El inadaptado – Capítulo 8

Como la primera vez enviaron a un inútil, para la siguiente ocasión debían enviar a alguien con ciertos conocimientos sobre motocicletas.

El segundo ataque contra la Zanella 200cc también tuvo lugar durante mayo de 2018; en el barrio porteño de Palermo, durante la noche, mientras yo tomaba unas cervezas.

Confiado, luego de recorrer más de treinta kilómetros a máxima velocidad, dejé la motocicleta en un oscuro estacionamiento público sin cámaras. Resultaba improbable que un vehículo me hubiera seguido hasta allí por el ritmo con el que yo manejaba aquella noche.

Pocos minutos antes de estacionar, mientras recorría la zona, creí notar que una persona nos observaba extrañamente.

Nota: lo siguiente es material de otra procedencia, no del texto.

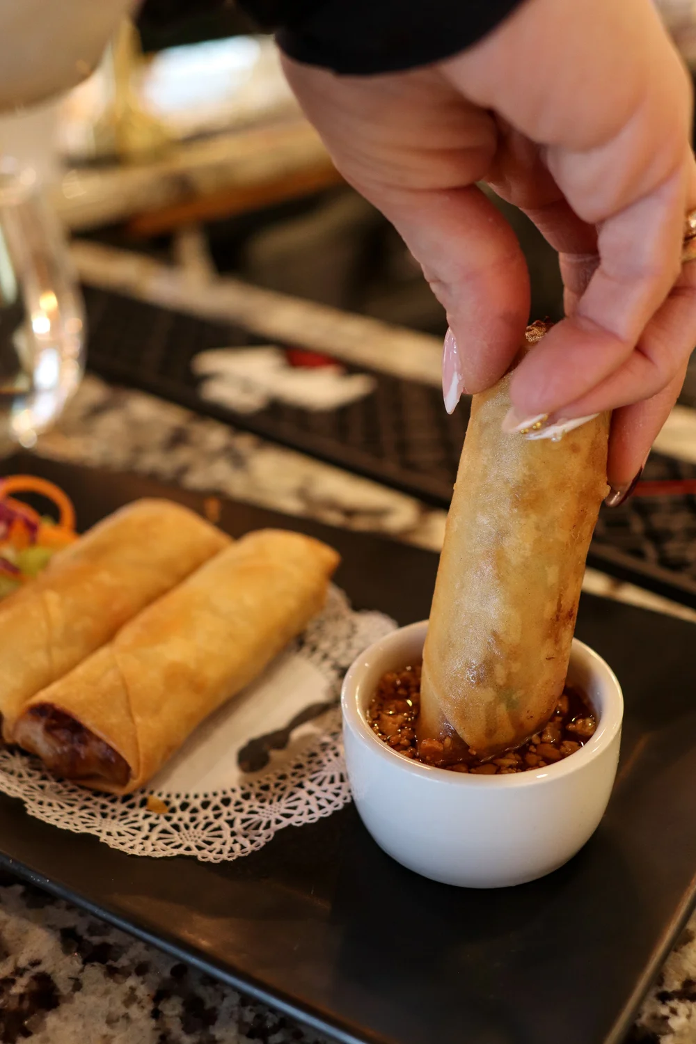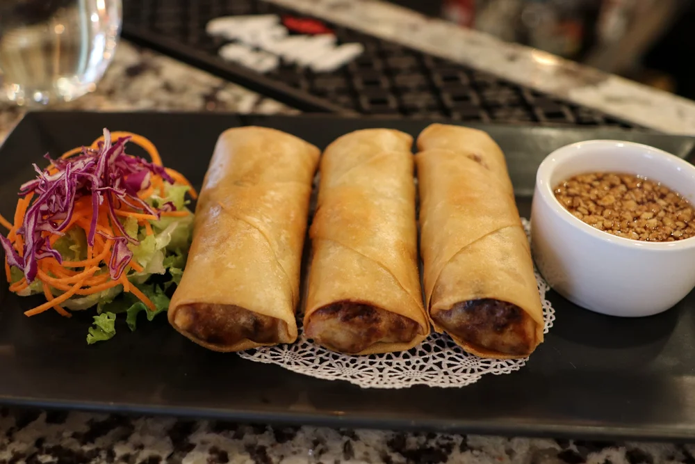 Starters range from these crispy pork spring rolls, to gyoza, lettuce wraps, coconut shrimp, and curry puffs.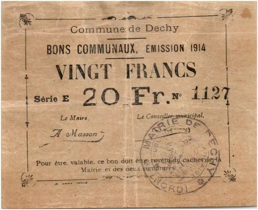 Billet France 20 Francs Dechy Commune - 1914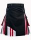 Modern Black Hybrid Kilt in White Red Pleats features striking red and white pleats. It is designed for modern men who appreciate both function and flair. This kilt blends heritage with a powerful American-inspired look. The pleats look like the stripes of the U.S. flag, while red and white straps across the front panel add a unique and eye-catching detail.
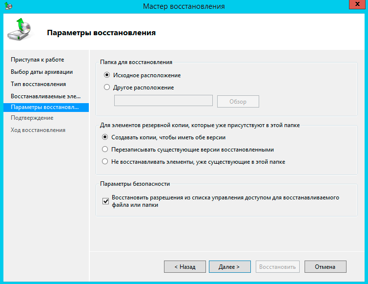 При восстановлении папок и файлов можно гибко управлять параметрами восстановления, например, сохранив обе версии файла: текущую и восстанавливаемую, это полезно в тех случаях, когда файл был случайно перезаписан, но результат текущей работы также нужен. При восстановлении можно также восстановить все права доступа на файлы и папки, что важно, если у вас используется сложная система назначения прав.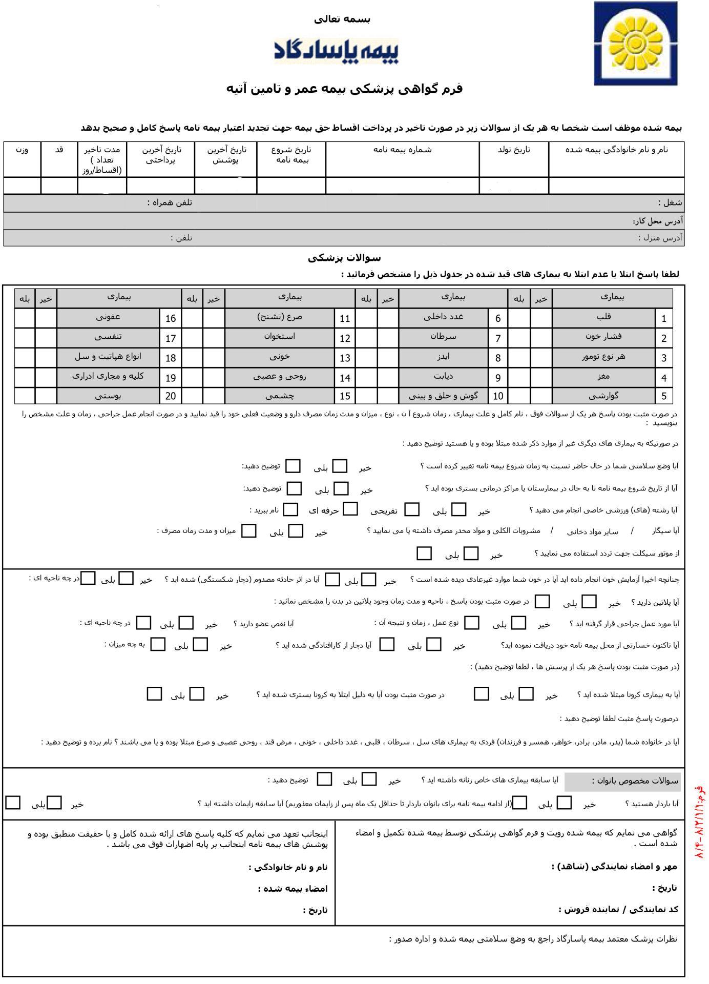 - فرم گواهی پزشکی مربوط به وضعیت سلامتی شخص بیمه شده می باشد و می بایست توسط ایشان تکمیل گردد.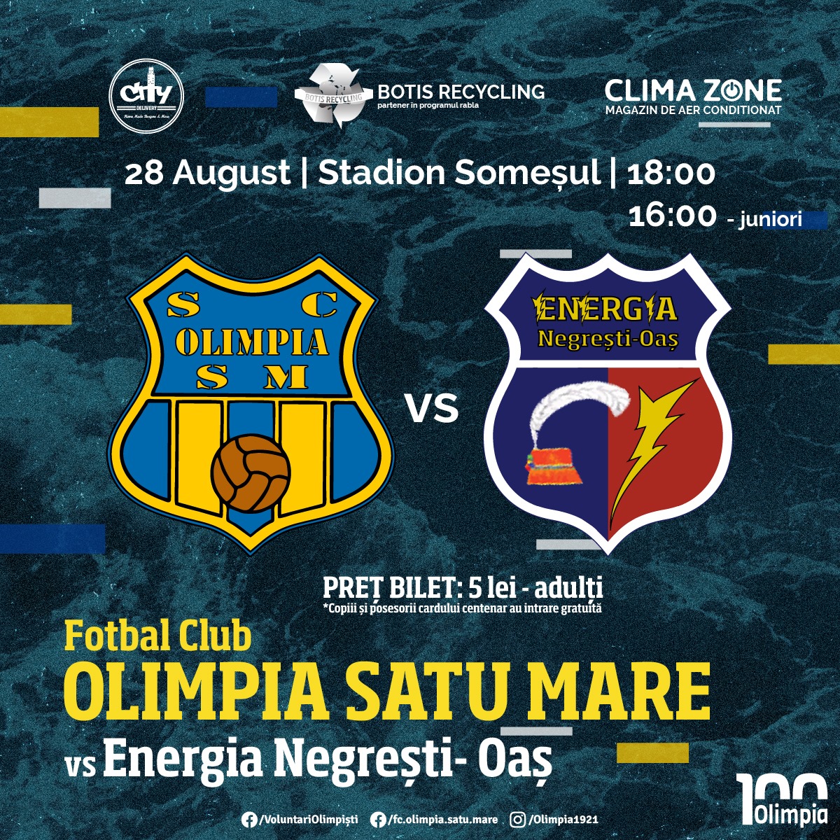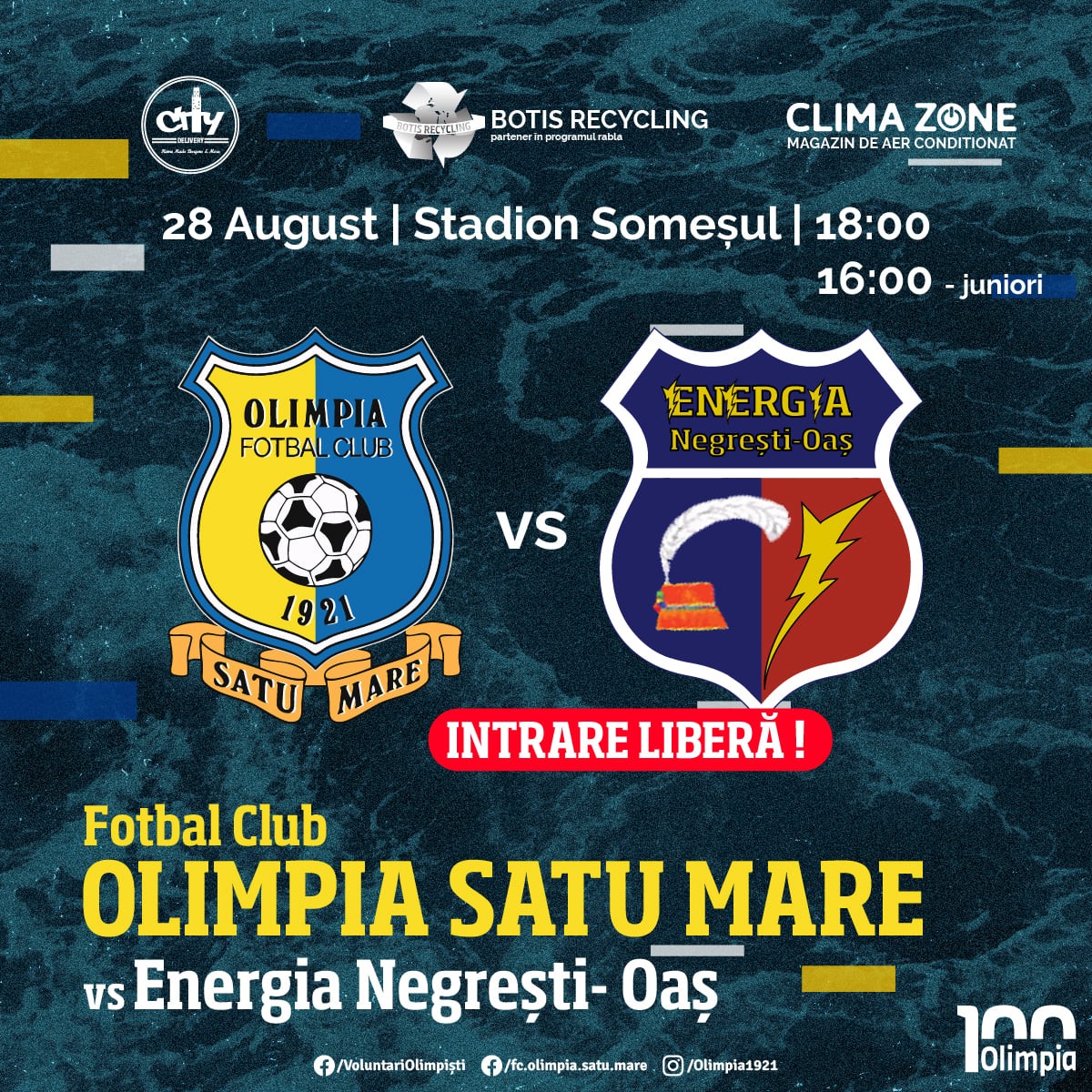 Azi, 28 august 2021, Olimpia Satu Mare a întâlnit pe stadionul Someșul din Satu Mare, pe Energia Negrești Oaș într-un meci ce a contat pentru etapa I a...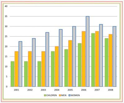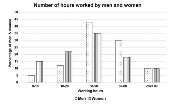 Task 1: The bar chart shows the number of hours worked by men & women per week in Australia in 2007.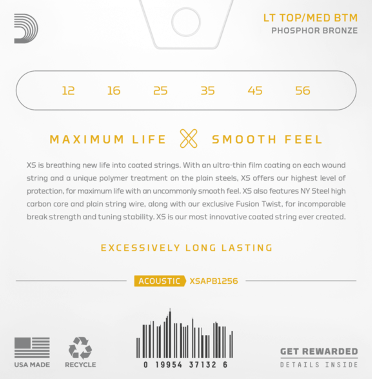 Родени от нашия най-голям пробив в иновациите в струните, струните XS Phosphor Bronze имат най-дълъг живот от всички струни за акустична китара D’Addario. XS покритието осигурява на нашите топли, балансирани струни от фосфорен бронз максимален живот, с необичайно гладко усещане. Изработени с сърцевина от NY Steel, обвита тел от фосфорен бронз и технология Fusion Twist, струните за акустична китара с XS покритие имат несравнима якост на скъсване и стабилност на настройката, в допълнение към драстично увеличения си живот. Този комплект китара с размер 12-56 Light Top/Medium Bottom има мощни ниски честоти, като същевременно запазва гъвкавост за соло свирене.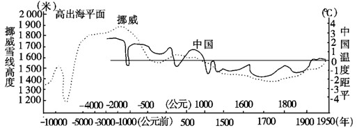 3、单选题 读“挪威雪线海拔和中国气温距平(与平均气温的差值)变化图”,完成下两题。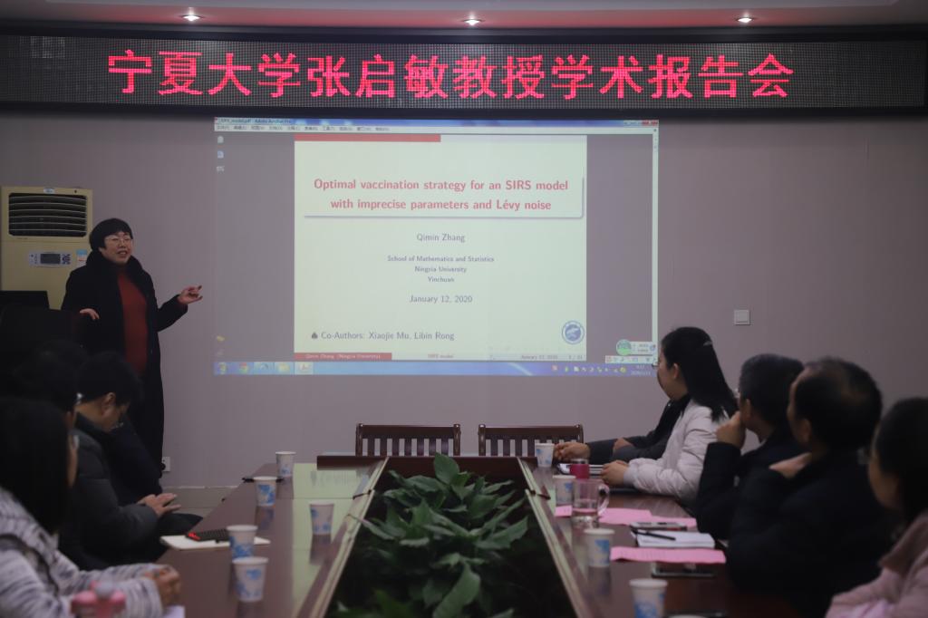 1月13日上午,应sunbet邀请,宁夏大学张启敏教授在公司学术报告厅作了题为“Near-optimal control for a stochastic SIRS model with imprecise parameters”的学术报告,报告会由sunbet副经理蔡礼明教授主持,数学与统计公司党委书记王娟教授,数学研究所所长宋新宇教授,公司部分老师和研究生聆听了此次报告。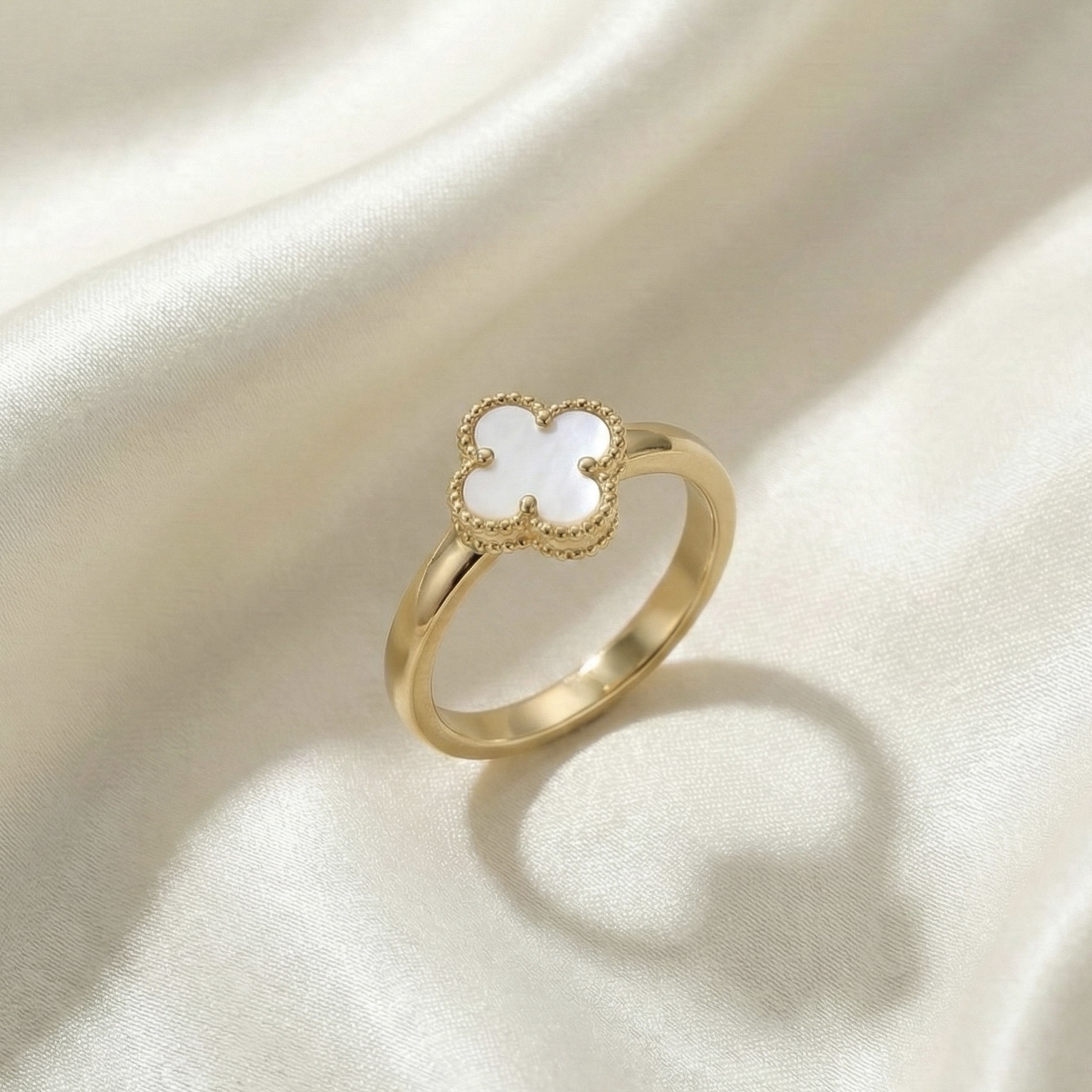 A timeless clover silhouette elevated in luminous white enamel and framed with intricate detailing in 18 carat gold. The polished band balances softness with structure, making it perfect for everyday elegance. Crafted to be anti-tarnish and hypoallergenic, this ring offers lasting shine and comfortable wear.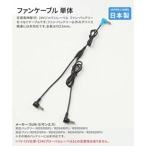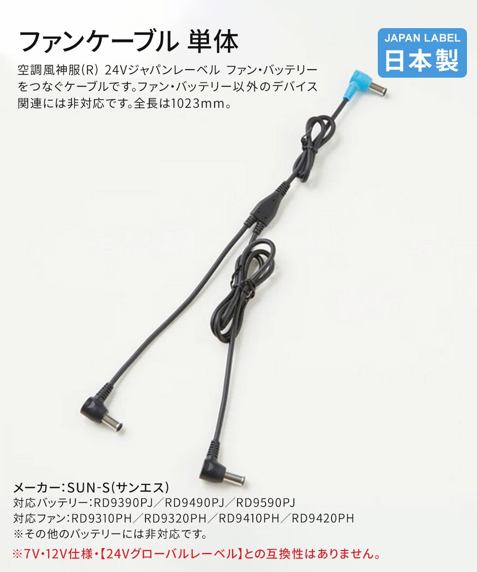 空調風神服ファンケーブル 単体 Japan Label 24V仕様 全長1023 空調服ディバイス SUN-S サンエス アタックベース EFウェア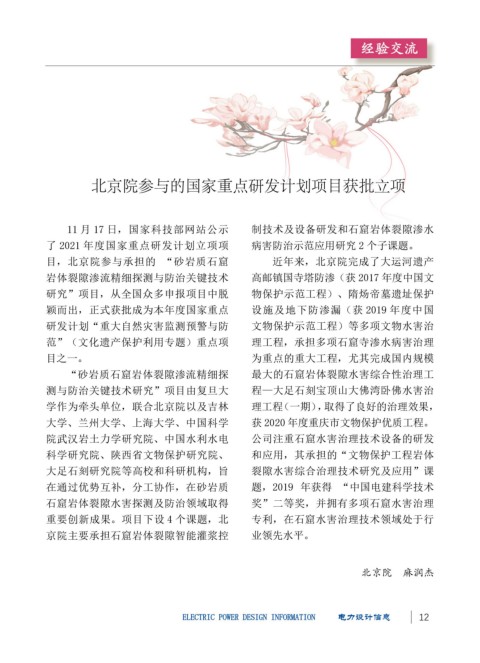 重要创新成果。项目下设 4 个课题,北 专利,在石窟水害治理技术领域处于行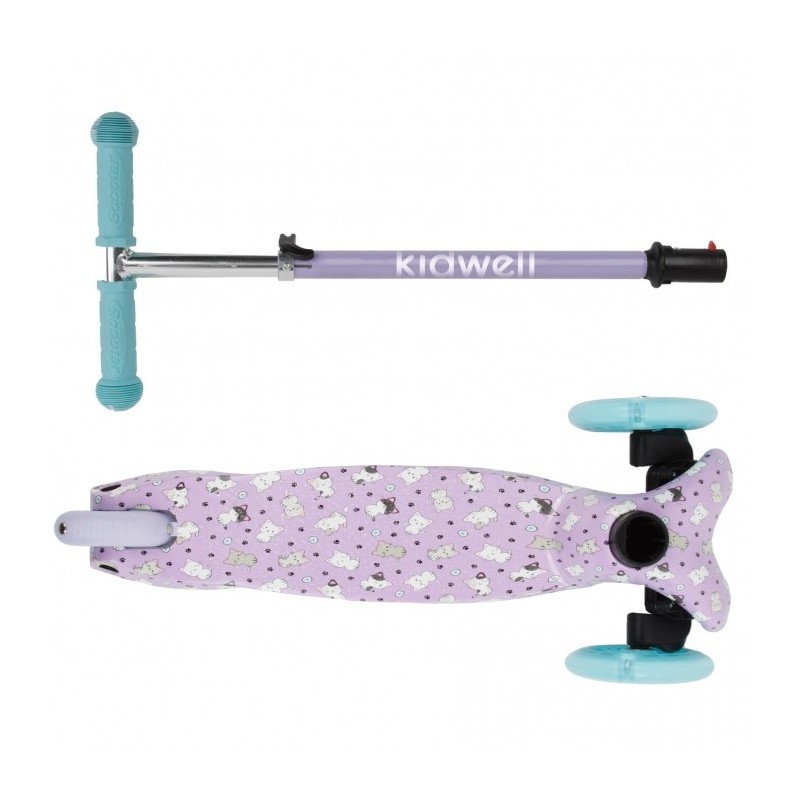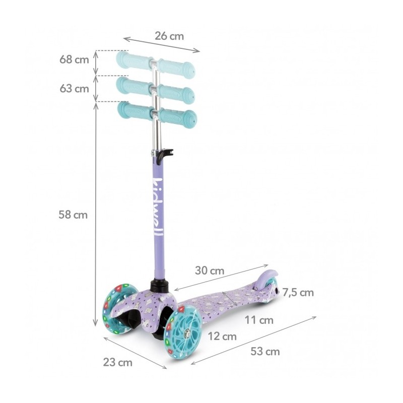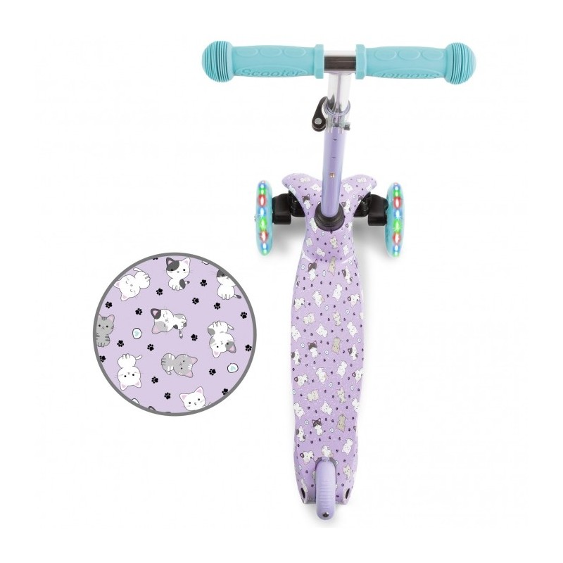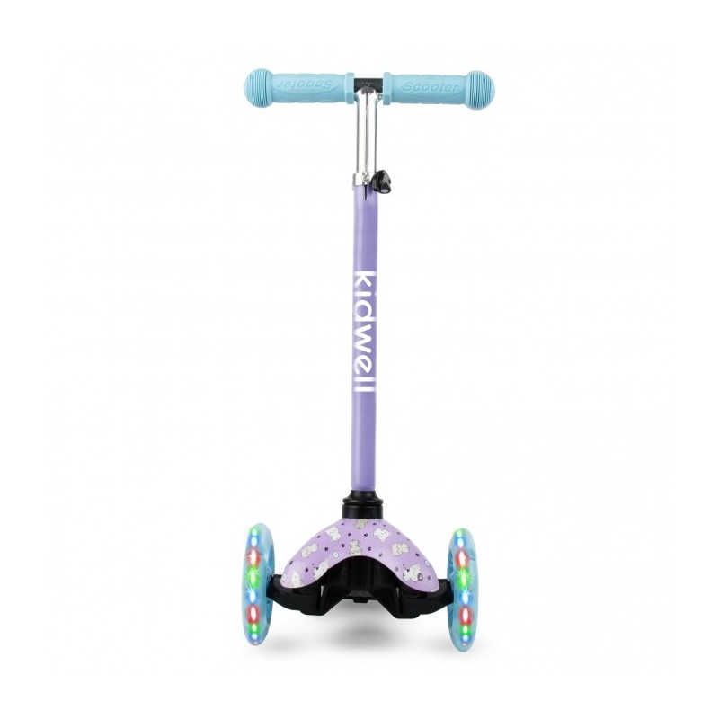 Structura durabila, usoara, cantarind 1.8 kg. Platforma larga de pe rotile din fata ajuta la mentinerea echilibrului. Rotile din poliuretan silentioase si durabile asigura o aderenta foarte buna la sol. Luminile cu LED incorporate in roti care stralucesc in timpul conducerii. Trotineta poate fi pliata scotand tija de directie. Ghidon din aluminiu cu reglare pe 3 cai a inaltimii. Unghiul limitat de directie minimizeaza schimbarea necontrolata de directie. Prezinta manere ergonomice la ghidon, platforma antiderapanta, frana pe puntea spate, rulmenti durabili.

Pero decidí ignorar aquel presentimiento, porque yo estaba allí con una bella rubia, y sólo quería divertirme.  Tal vez emborracharme.

Una hora y tres botellas después, al salir de aquel moderno antro ubicado bajo un puente ferroviario, intenté arrancar mi motocicleta envuelto en el crudo frío de la madrugada.

El motor prendió.

Pero rápidamente noté los daños.

Esta vez, los hijos de puta que quieren joderme no sólo habían cortado el cable del embrague con un alicate, sino que también trabajaron manualmente sobre la cadena.

Así, inmovilizaron casi definitivamente la motocicleta y -ahora- finalmente pueden controlar mis movimientos con mayor cercanía.

Hay una lista.

Y de eso estoy seguro.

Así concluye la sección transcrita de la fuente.